* [What the task asks]: Print the listing below exactly, minus its pictures.

* [Given material]:

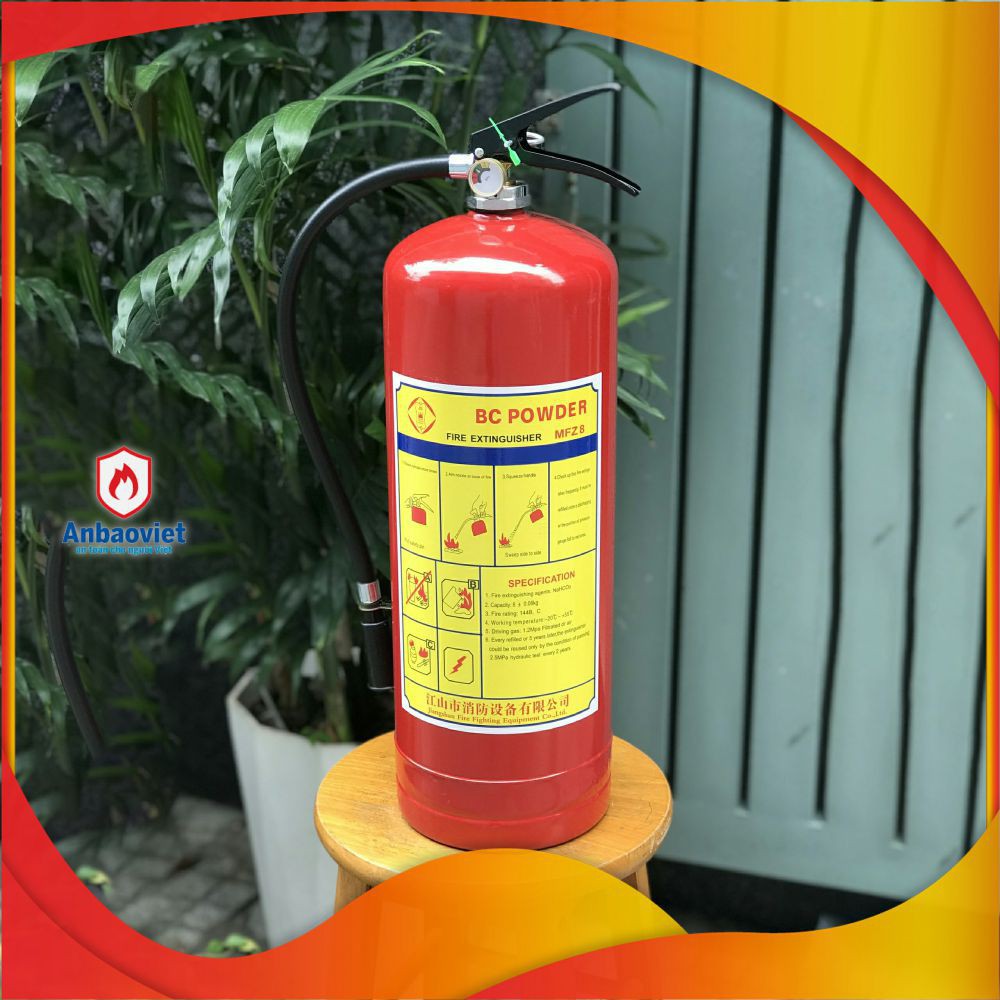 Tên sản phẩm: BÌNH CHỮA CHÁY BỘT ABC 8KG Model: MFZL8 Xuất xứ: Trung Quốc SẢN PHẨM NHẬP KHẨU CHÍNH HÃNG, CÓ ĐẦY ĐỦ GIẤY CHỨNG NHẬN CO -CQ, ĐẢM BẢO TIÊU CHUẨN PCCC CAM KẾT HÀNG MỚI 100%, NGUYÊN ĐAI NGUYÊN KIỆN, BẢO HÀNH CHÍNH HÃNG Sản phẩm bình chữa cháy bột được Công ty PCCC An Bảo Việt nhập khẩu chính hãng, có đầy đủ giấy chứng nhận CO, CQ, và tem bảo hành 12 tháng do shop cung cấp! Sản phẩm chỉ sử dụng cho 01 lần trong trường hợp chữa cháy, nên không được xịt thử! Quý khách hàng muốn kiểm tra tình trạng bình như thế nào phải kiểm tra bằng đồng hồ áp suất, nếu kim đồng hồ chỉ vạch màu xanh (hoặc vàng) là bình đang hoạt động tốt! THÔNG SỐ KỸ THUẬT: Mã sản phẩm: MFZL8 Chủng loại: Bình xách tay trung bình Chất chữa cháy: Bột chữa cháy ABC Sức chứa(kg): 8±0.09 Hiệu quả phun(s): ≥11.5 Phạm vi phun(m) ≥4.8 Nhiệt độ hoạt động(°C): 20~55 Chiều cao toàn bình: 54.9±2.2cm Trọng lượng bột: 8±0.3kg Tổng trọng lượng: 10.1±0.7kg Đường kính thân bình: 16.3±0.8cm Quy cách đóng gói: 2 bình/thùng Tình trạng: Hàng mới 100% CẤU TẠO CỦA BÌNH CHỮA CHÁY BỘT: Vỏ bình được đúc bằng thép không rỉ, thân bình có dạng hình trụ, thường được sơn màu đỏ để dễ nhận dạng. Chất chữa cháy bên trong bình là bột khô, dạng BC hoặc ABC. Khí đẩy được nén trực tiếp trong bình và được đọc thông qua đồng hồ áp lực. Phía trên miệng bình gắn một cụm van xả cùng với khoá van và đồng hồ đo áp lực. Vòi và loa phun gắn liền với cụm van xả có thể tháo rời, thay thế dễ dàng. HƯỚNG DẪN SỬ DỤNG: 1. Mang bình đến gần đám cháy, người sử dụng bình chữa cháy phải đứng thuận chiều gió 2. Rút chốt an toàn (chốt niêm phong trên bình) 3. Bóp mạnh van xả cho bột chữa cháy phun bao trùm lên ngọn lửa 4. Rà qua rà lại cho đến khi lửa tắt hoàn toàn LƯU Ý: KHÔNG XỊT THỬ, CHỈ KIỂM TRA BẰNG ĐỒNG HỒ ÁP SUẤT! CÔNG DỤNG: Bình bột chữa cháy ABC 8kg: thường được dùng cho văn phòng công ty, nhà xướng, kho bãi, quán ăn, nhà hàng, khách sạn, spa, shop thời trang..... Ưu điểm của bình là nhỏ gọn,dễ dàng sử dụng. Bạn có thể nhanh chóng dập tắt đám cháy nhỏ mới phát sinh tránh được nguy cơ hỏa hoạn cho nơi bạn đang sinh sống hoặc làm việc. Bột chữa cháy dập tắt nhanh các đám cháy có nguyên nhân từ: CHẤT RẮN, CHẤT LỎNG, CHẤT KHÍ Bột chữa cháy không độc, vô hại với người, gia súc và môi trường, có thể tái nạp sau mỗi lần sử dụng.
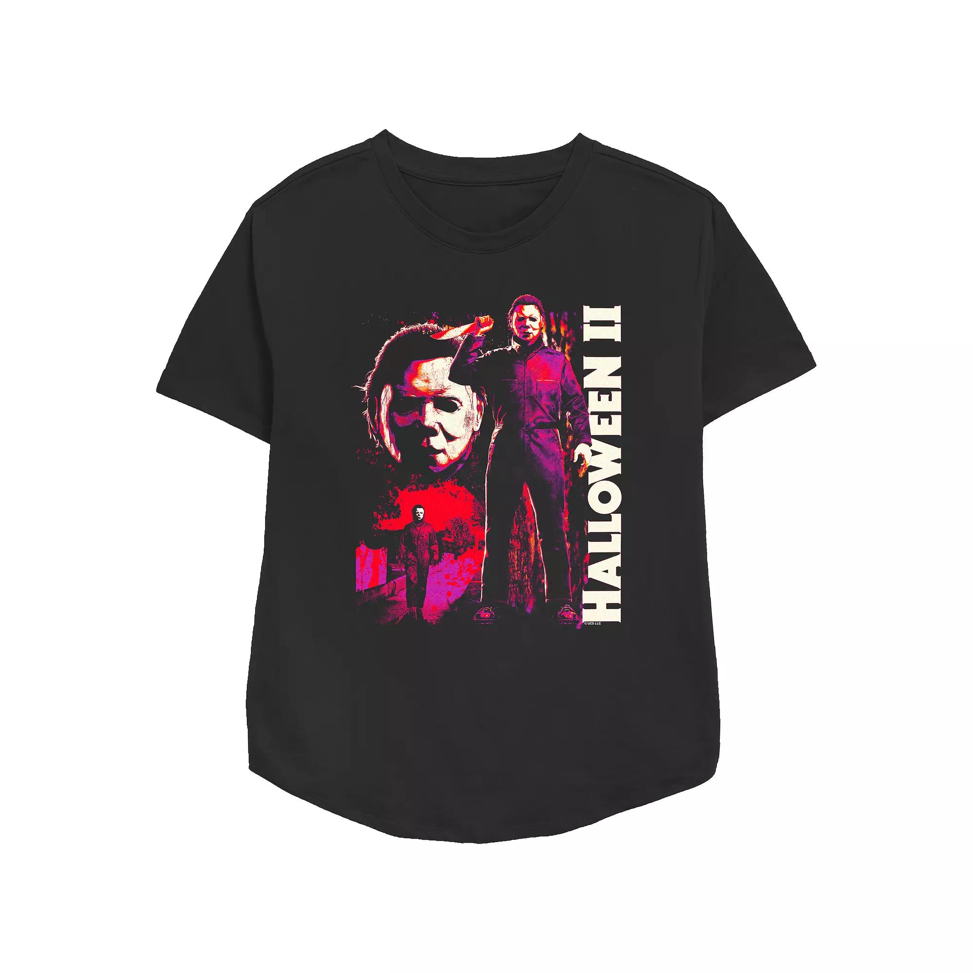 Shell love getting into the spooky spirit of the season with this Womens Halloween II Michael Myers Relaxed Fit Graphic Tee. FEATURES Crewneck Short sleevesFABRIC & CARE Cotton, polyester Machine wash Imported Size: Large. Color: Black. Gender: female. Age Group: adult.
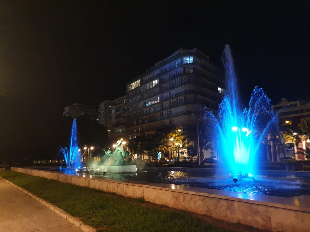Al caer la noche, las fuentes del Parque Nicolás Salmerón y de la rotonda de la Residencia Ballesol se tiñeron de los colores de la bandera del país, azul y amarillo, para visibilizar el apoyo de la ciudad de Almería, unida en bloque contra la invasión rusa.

* [Exercise output]:
 Tên sản phẩm: BÌNH CHỮA CHÁY BỘT ABC 8KG Model: MFZL8 Xuất xứ: Trung Quốc SẢN PHẨM NHẬP KHẨU CHÍNH HÃNG, CÓ ĐẦY ĐỦ GIẤY CHỨNG NHẬN CO -CQ, ĐẢM BẢO TIÊU CHUẨN PCCC CAM KẾT HÀNG MỚI 100%, NGUYÊN ĐAI NGUYÊN KIỆN, BẢO HÀNH CHÍNH HÃNG Sản phẩm bình chữa cháy bột được Công ty PCCC An Bảo Việt nhập khẩu chính hãng, có đầy đủ giấy chứng nhận CO, CQ, và tem bảo hành 12 tháng do shop cung cấp! Sản phẩm chỉ sử dụng cho 01 lần trong trường hợp chữa cháy, nên không được xịt thử! Quý khách hàng muốn kiểm tra tình trạng bình như thế nào phải kiểm tra bằng đồng hồ áp suất, nếu kim đồng hồ chỉ vạch màu xanh (hoặc vàng) là bình đang hoạt động tốt! THÔNG SỐ KỸ THUẬT: Mã sản phẩm: MFZL8 Chủng loại: Bình xách tay trung bình Chất chữa cháy: Bột chữa cháy ABC Sức chứa(kg): 8±0.09 Hiệu quả phun(s): ≥11.5 Phạm vi phun(m) ≥4.8 Nhiệt độ hoạt động(°C): 20~55 Chiều cao toàn bình: 54.9±2.2cm Trọng lượng bột: 8±0.3kg Tổng trọng lượng: 10.1±0.7kg Đường kính thân bình: 16.3±0.8cm Quy cách đóng gói: 2 bình/thùng Tình trạng: Hàng mới 100% CẤU TẠO CỦA BÌNH CHỮA CHÁY BỘT: Vỏ bình được đúc bằng thép không rỉ, thân bình có dạng hình trụ, thường được sơn màu đỏ để dễ nhận dạng. Chất chữa cháy bên trong bình là bột khô, dạng BC hoặc ABC. Khí đẩy được nén trực tiếp trong bình và được đọc thông qua đồng hồ áp lực. Phía trên miệng bình gắn một cụm van xả cùng với khoá van và đồng hồ đo áp lực. Vòi và loa phun gắn liền với cụm van xả có thể tháo rời, thay thế dễ dàng. HƯỚNG DẪN SỬ DỤNG: 1. Mang bình đến gần đám cháy, người sử dụng bình chữa cháy phải đứng thuận chiều gió 2. Rút chốt an toàn (chốt niêm phong trên bình) 3. Bóp mạnh van xả cho bột chữa cháy phun bao trùm lên ngọn lửa 4. Rà qua rà lại cho đến khi lửa tắt hoàn toàn LƯU Ý: KHÔNG XỊT THỬ, CHỈ KIỂM TRA BẰNG ĐỒNG HỒ ÁP SUẤT! CÔNG DỤNG: Bình bột chữa cháy ABC 8kg: thường được dùng cho văn phòng công ty, nhà xướng, kho bãi, quán ăn, nhà hàng, khách sạn, spa, shop thời trang..... Ưu điểm của bình là nhỏ gọn,dễ dàng sử dụng. Bạn có thể nhanh chóng dập tắt đám cháy nhỏ mới phát sinh tránh được nguy cơ hỏa hoạn cho nơi bạn đang sinh sống hoặc làm việc. Bột chữa cháy dập tắt nhanh các đám cháy có nguyên nhân từ: CHẤT RẮN, CHẤT LỎNG, CHẤT KHÍ Bột chữa cháy không độc, vô hại với người, gia súc và môi trường, có thể tái nạp sau mỗi lần sử dụng.
 Shell love getting into the spooky spirit of the season with this Womens Halloween II Michael Myers Relaxed Fit Graphic Tee. FEATURES Crewneck Short sleevesFABRIC & CARE Cotton, polyester Machine wash Imported Size: Large. Color: Black. Gender: female. Age Group: adult.
Al caer la noche, las fuentes del Parque Nicolás Salmerón y de la rotonda de la Residencia Ballesol se tiñeron de los colores de la bandera del país, azul y amarillo, para visibilizar el apoyo de la ciudad de Almería, unida en bloque contra la invasión rusa.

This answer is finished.